I remembered reading form some where that the IRS is the same that was in the Catera. I never looked into it because i'm too busy enjoying driving my GOAT.


----------



## GM Kid (Mar 21, 2005)

Actually, they're not off the mark. Can't remember where I read it, but the old Catera did, indeed, have some connection to Holden. I think there was some sort of platform sharing going on between Holden and Opel that predated Pontiac's co-opting of this very same platform for the GTO. It may have been the Holden Commodore, I think, that Opel was using as the Opel Senator . . . and which Cadillac then borrowed for the Catera at a time when they had no rear-drive vehicle in their lineup. I think the Commodore is pretty much just a stretched Monaro, so you can see that all these cars are kinda related.


----------



## Wing_Nut (Mar 6, 2005)

GM Kid said:


> Actually, they're not off the mark. Can't remember where I read it, but the old Catera did, indeed, have some connection to Holden. I think there was some sort of platform sharing going on between Holden and Opel that predated Pontiac's co-opting of this very same platform for the GTO. It may have been the Holden Commodore, I think, that Opel was using as the Opel Senator . . . and which Cadillac then borrowed for the Catera at a time when they had no rear-drive vehicle in their lineup. I think the Commodore is pretty much just a stretched Monaro, so you can see that all these cars are kinda related.

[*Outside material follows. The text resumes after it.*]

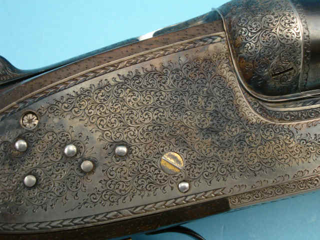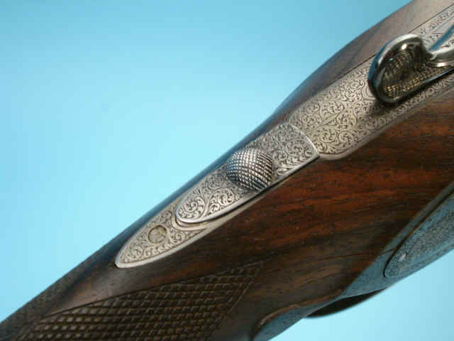engraved with chevron borders and very fine foliate scroll. Non-automatic safety. Single

You got it more or less right GM Kid
The platform dates back to the mid-nineties.
It's an Opel chassis design, loaned to GM Australia (Holden), and stuffed with a made in USA drivetrain. 
So it's a 10 yr old platform. Who cares? It's solid, quiet, rigid, inexpensive, and goes like a raped ape.
Would any of you rather have a brand new Mustang chassis?


----------



## Groucho (Sep 11, 2004)

Wing_Nut said:


> You got it more or less right GM Kid
> The platform dates back to the mid-nineties.
> It's an Opel chassis design, loaned to GM Australia (Holden), and stuffed with a made in USA drivetrain.
> So it's a 10 yr old platform. Who cares? It's solid, quiet, rigid, inexpensive, and goes like a raped ape.
> Would any of you rather have a brand new Mustang chassis?


Yup. Another strike against the Mulletude.

This car is an Australian design based on a European platform.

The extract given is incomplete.